Research

Homophony avoidance

Previous research has suggested that homophony avoidance plays a role in constraining language change; in particular, phonological contrasts are less likely to be neutralized if doing so would greatly increase the amount of homophony. Most of the research on homophony avoidance has focused on the history of real languages, comparing attested and unattested (hypothetical) phonological changes in various languages. In this joint project with James White (UCL), we take a novel approach by focusing on the language learner. Using an artificial language learning paradigm, we show that learners are less likely to acquire neutralizing phonological rules compared to non-neutralizing rules, but only if the neutralizing rules create homophony between lexical items encountered during learning. The results indicate that learners are biased against phonological patterns that create homophony, which could have an influence on language change. The results also suggest that lexical learning and phonological learning are highly integrated.

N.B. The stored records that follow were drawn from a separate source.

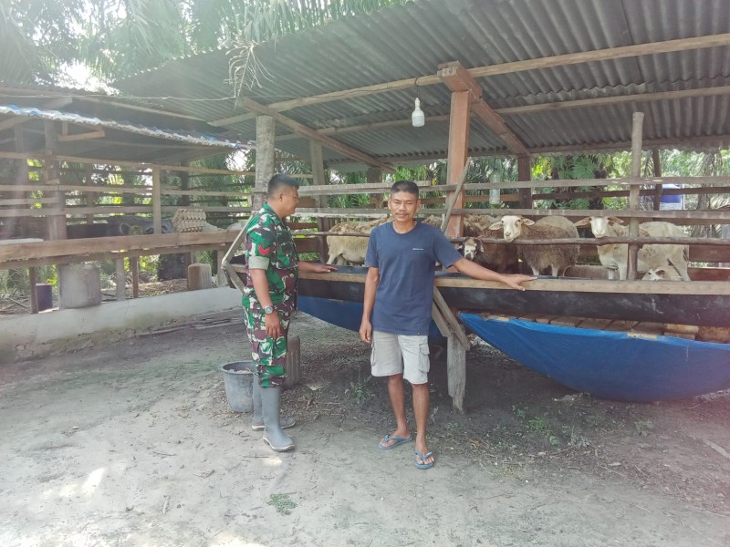 Babinsa Serda Paino, Cek Hewan Ternak Kambing Antisipasi PMK, di Desa Buluh Apo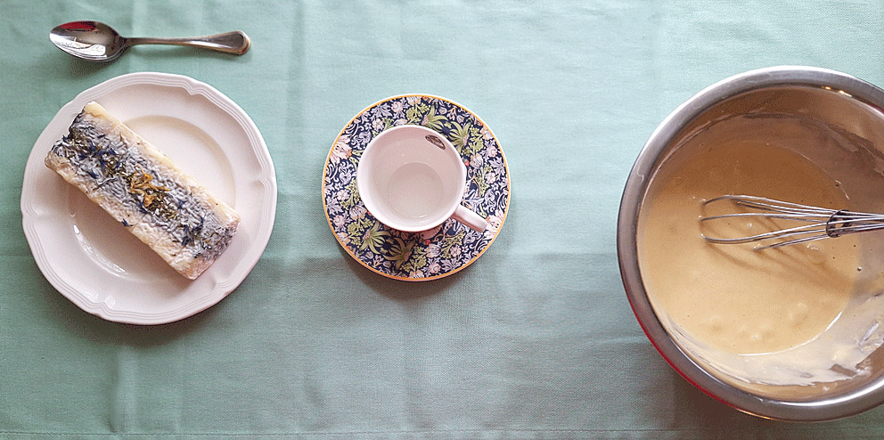 Pour bien incarner mon sujet au cœur de la cuisine – car parfois il suffit de faire deux pas vers la cuisine pour voyager – j’ai souhaité assortir ce duo de service à café en porcelaine délicate de deux expressos de 110 ml et de deux cupcakes maison de crèmes fouettée – non loin d’une brique de fromage aux fleurs printanières.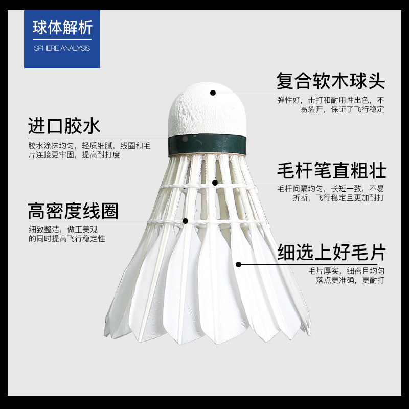 耐打抗风羽毛球比赛训练专用稳定室外学习训练球 羽毛球鹅毛12支装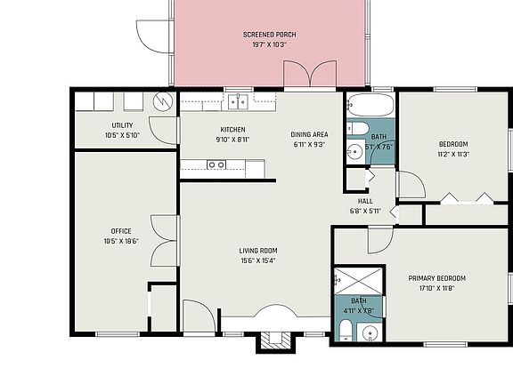- Ceiling Fan(s), Eat-in Kitchen, Open Floorplan, Primary Bathroom - Tub with Shower, Split Bedrooms
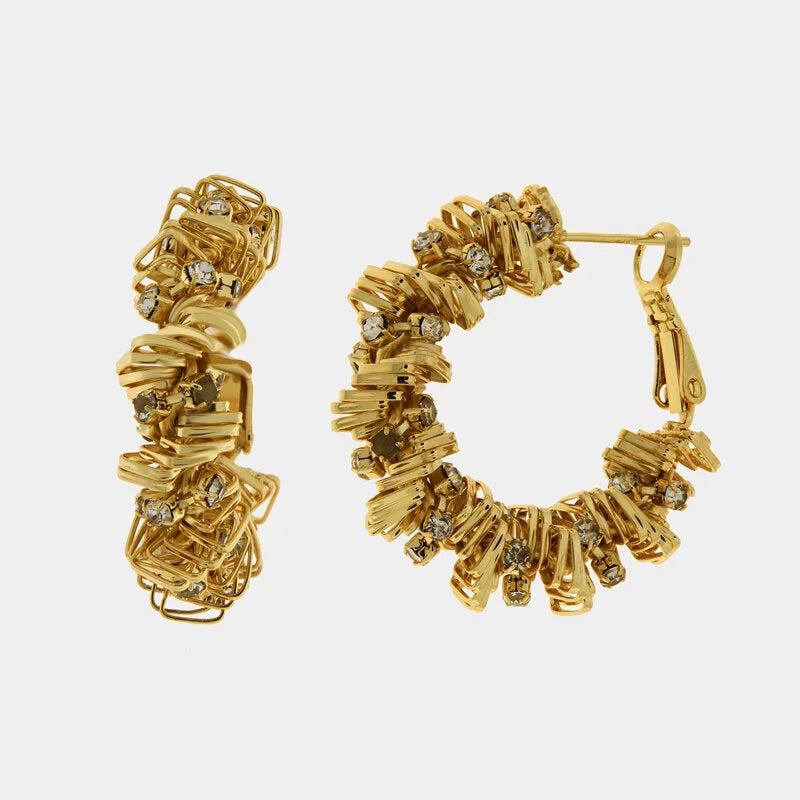 Orecchini in Metallo a cerchio donna dorati con elementi rettangolari sovrapposti effetto molla e cristalli luminosi trasparenti incastonati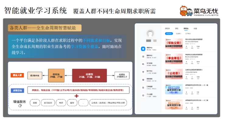 求职是一场 “多环节战役”,从简历优化到面试准备,每一步都需要专业支撑。菜鸟无忧打造的智能工具矩阵,菜鸟无忧AI智慧就业平台,从AI选岗系统到智慧学习平台,专业导师系统,如同为求职者配备了 “全流程作战装备”,提升每一环的竞争力。全流程覆盖求职全过程精准赋能高质量就业。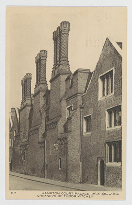 3671Prentbriefkaart: foto van Hampton Court Palace te Londen: Chimneys of Tudor kitchen.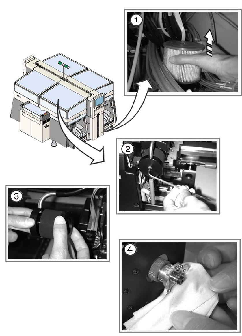 预防性维护 HF 系列 维护 2004 年 3 月中文版 8 2 个月维护 39 检查和 / 更换进气过滤器 8 a 拧下进气过滤器上的翼形螺钉, 卸下过滤器。 : 如果很脏,就更换过滤器 。 8 : 小心地将压缩空气供给装 置推回贴片机内。 8 小心,不要挤压任何电缆或软管 。 8 8 8 : 关闭压缩空气供给的盖板 阀。 : 然后再次打开压缩空气主 阀。 8 8 检查或更换消声器 8 s 松开用于固定收集贴片头消声器 的螺丝。 d …
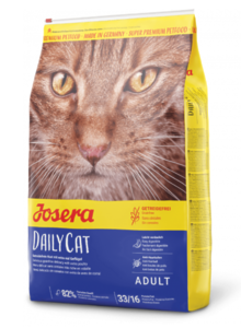 JOSERA DailyCat підходить для щоденного харчування домашніх котів і тих, які живуть на подвір‘ї, мають непереносимість зернових і надають перевагу смачній домашній птиці в своєму раціоні.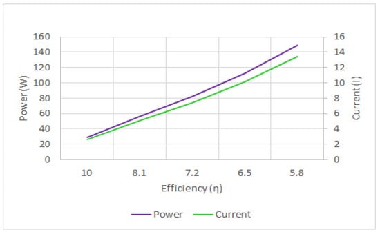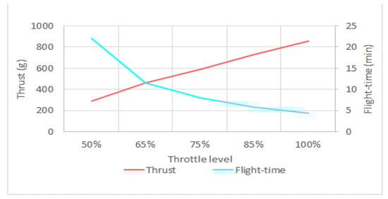 As can be seen in Figure 22, the drone’s power and current consumption are inversely related to efficiency. In other words, by further pushing the throttle, the rate of power consumption enhancement is more than the thrust enhancement and a larger part of the energy will be lost at higher throttle levels. Hence, as the throttle is pushed further, the drone’s flight time will decrease, as shown in Figure 23. Moreover, the results show that the energy consumption by control and telecommunications components is relatively high, compared to the energy consumed by the motors. Therefore, to enhance the drone’s flight time, not only should the drone weight, battery capacity, and throttle level be optimized, but also more energy-efficient components and algorithms should be developed for communications and flight control.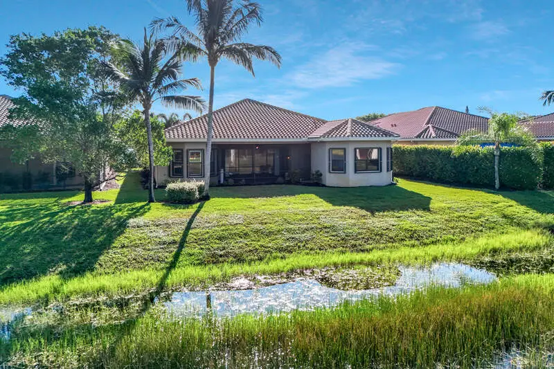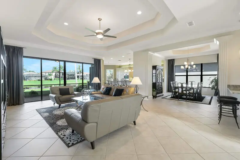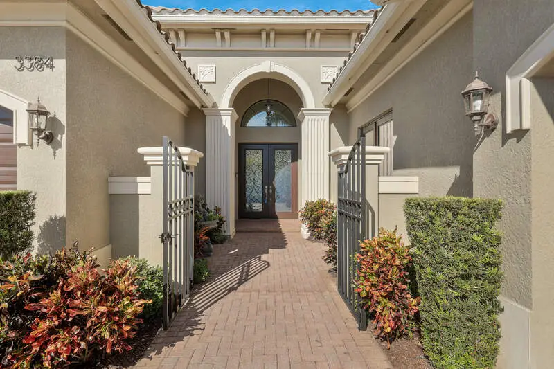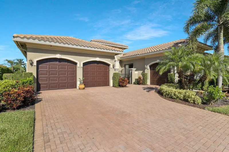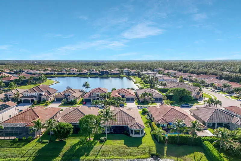 Sunsets over the lake and timeless elegance define this coveted 3,051 sq. ft. Carlyle, the most sought-after floor plan in Riverstone. Beyond the gated courtyard, double entry doors reveal an inviting layout designed for both easy everyday living and effortless entertaining. A spacious great room, formal dining room, wet bar with KitchenAid beverage fridge, and an adjacent custom wine storage rack for over 150 bottles make hosting unforgettable evenings a breeze. At the heart of the home, the gourmet kitchen features upgraded off-white shaker cabinetry, granite counters and backsplash, ambient lighting, and stainless-steel appliances including a double wall oven, vented hood over the cooktop, and a newer KitchenAid refrigerator-sure to inspire any culinary enthusiast. The versatile Club Room, finished with wood flooring and matching plantation shutters, is perfect as an office, den, or media retreat. The primary suite offers serene lake views, custom closets, and a spa-like bath with marble counters and decorative mirrors. Two private guest suites, each with a full bath and built-in closets, ensure comfort for family and friends. Thoughtful details include crown molding, wood-wrapped pillars, decorative mantlepiece, upgraded lighting fixtures and fans, and elegant window treatments. Everyday living is made easier with a finished laundry room offering a sink, ample cabinetry, folding counter, and a new (2024) LG washer and dryer. Peace of mind comes with a whole-home Generac generator powered by dual 120-gallon tanks, accordion shutters for quick storm prep, and an AC system with medical-grade UV lights and filters. The garage is equally functional with storage shelving and insulated doors. Expansive glass sliders flow seamlessly to the outdoors, where a west-facing lanai frames tranquil lake views and panoramic sunsets that fill the sky with vibrant color. The backyard offers abundant space to add a custom pool or design your own custom tropical oasis. Here, unforgettable gatherings, quiet moments, and golden sunsets become part of everyday life. Riverstone offers a vibrant, vacation-inspired lifestyle for all ages. Located in North Naples, just minutes from I-75 and zoned for "A"-rated schools, the community features a fitness center, social hall, resort-style pool, lap pool, spa, five lighted tennis courts, outdoor basketball and pickleball, a full indoor basketball court, tot lot, children's water play area, game room, and an activities coordinator; making it easy to meet new friends. Perfectly suited for entertaining, unwinding, or savoring the view, this home captures the essence of Naples living.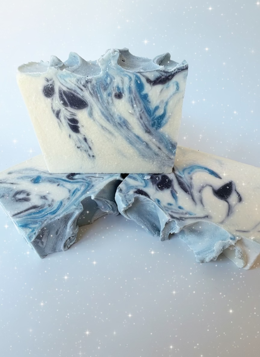 Let yourself melt into the chill of something beautiful. Snowflake Haven is more than just a bar of soap — it’s a moment of serenity carved from frost, infused with the invigorating scent of fresh rosemary and cooling mint.

Similarity bias in the learning of palatalization

In a pilot artificial grammar learning experiment, participants spontaneously palatalized velars more often than labials, which is consistent with the typology of palatalization: cross-linguistically, full palatalization of velars before high vowels is common, whereas that of labials is rare and idiosyncratic. This founding suggests a similarity bias against alternations between dissimilar sounds, as proposed in Steriade (2001/2008), Wilson (2006), and White (2014). I'm currently running a follow-up study, supervised by Gillian Gallagher (NYU), by looking into the following two questions: first, among the many similarities learners would have access to during phonological generalization, e.g., similarity between segments of exposure/test alternations, which ones should have an effect on the learnability of the output alternation and how; second, do learners adopt perceptual similarity, in addition to featural similarity, as a metric for measuring similarities between segments?